The administrator, seeing that I was upset, added, "But there's a chance the Sunday test will be postponed due to this storm they keep talking about on the news. In that case, the test will be held next Wednesday or Thursday."
I reluctantly signed Huckle up for the 10am test. He's worked hard for months to qualify for this test, and I respect that. But I don't feel good about it. At. All.
- I feel like a sell-out, compromising my most important value -- putting God first -- for a kid activity.
- I feel indignant about a facility that makes my kid repeat their Five Tenets every class -- Courtesy, Integrity, Perseverance, Self-control, Indomitable Spirit -- expects me to violate my own tenet so my kid can participate. (Integrity, indeed!)
- And, most of all, I feel angry at myself for not being too weak to do what my conscience tells me is the right thing, the difficult thing, the sacrificial thing.(Indomitable Spirit, indeed!)

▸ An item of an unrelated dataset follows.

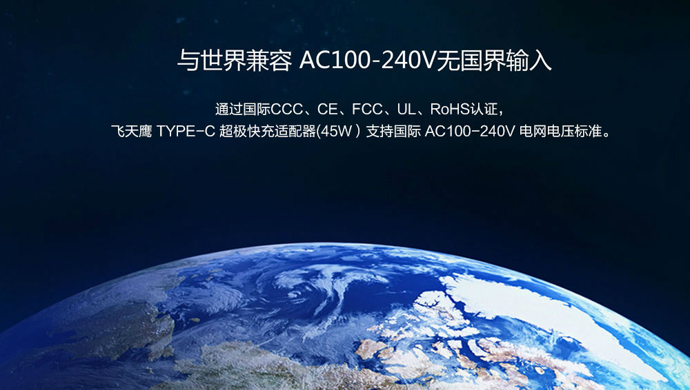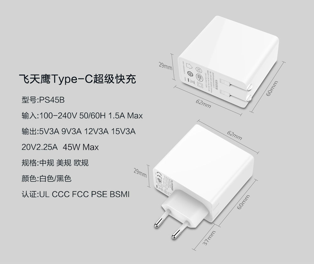 type-c充電器功能特點:5V3A 15V3A 12V3A 9V3A 20V2.5A 超極快充 PD2.0快充協(xié)議·45W大功率·五種充電電壓·

And that's why I'm praying for a huge snowstorm this weekend.
UPDATE:
Okay, so the storm manifested as a light snow sprinkle, and the tae kwon do testing took place that Sunday morning. Husband took Huckle to the event, while I -- and here's some irony for you -- cut bagels and brewed coffee in the church kitchen before the service. As I worked, I confided in a friend, who gave a thoughtful response. He pointed out that my children will learn from seeing the efforts I take to keep Sunday holy and from the heartache I feel when Sunday is compromised. These times are opportunities to talk together about how we don't want it this way or like it this way. But Sunday worship, like everything else in life, is tainted and broken and in need of redemption -- like my heart when it feels bitter about Sabbath encroachments.
Life doesn't fit into the neat little boxes on our calendar. It spills over from to the next. But still. That day made me realize I need to stop praying for a blizzard to solve my dilemma for me. I need to put thought and prayer into what it means to keep the Sabbath holy. Is it an amorphous-theoretical-virtual thing, all about setting apart my heart for worship? Or is it a concrete-literal thing, about setting aside an actual day, a full day, and calling it God's? I need to pray for guidance, not snow.